Thursday, January 26, 2017

My Cousin Connection to the Artist on the Wall

In the late 1960s I was photographed on my parents' sofa with a little friend I'd been babysitting. On the wall of our living hung this painting by James Guilford Swinnerton. A decade earlier my parents had re-decorated our living room and purchased that painting along with the two shown in this photograph below of me, my twin brother Dennis and our cousins as we entertained our grandparents one Christmas Day.
Here are representations from the internet of two of those prints.

On Wikipedia we find this information about James Swinnerton: "James Guilford Swinnerton (Nov 13, 1875-Sep 8, 1974) was an American cartoonist and a landscape painter of the Southwest deserts. He was known as 'Jimmy' to some and 'Swinny' to others. He signed some of his early cartoons 'Swin', and on one ephemeral comic strip he used 'Guilford' as his signature. Experimenting with narrative continuity, he played a key role in the development of the comic strip at the end of the 19th century."
As I was researching some of my ancestral lines a few years ago, I noticed James Swinnerton's name in my database! I was quite surprised. From that research, I was able to develop this chart, showing my connection to him. 
Starting at the left, you can see that James G. Swinnerton was married to Gretchen Staples, daughter of William and Maud (Parshall) Staples.

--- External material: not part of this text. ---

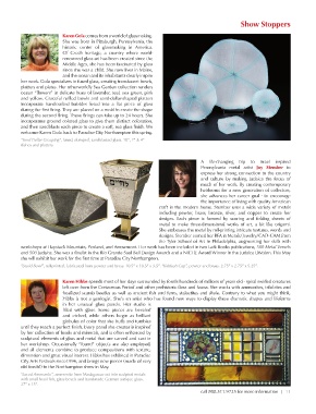 workshops at Haystack Mountain, Penland, and Arrowmont. Her work has been included in two Lark Books publications, 500 Metal Vessels

William and Maud's great-granddaughter Gretchen Lillich (through their daughter Lourena Staples Evans) is my 2nd cousin through my Becker ancestry, as shown at the right of the chart. My maternal grandmother is Nannie (Becker) Flanders. Her sister Mabel (Becker) Lillich is the grandmother of Gretchen (Lillich) O'Hagan. 
Gretchen (Lillich) and John O'Hagan 
Mabel Mary (Becker) Lillich
 While I may not technically be related to the artist James G. Swinnerton, he was my 2nd cousin's granduncle, and that's close enough for me. I had no idea, nor did my parents, that the artist whose work hung on our living room walls for two decades was ancestrally connected to me and my brother. As someone who was interested in our family history, my dad would have loved to have known that.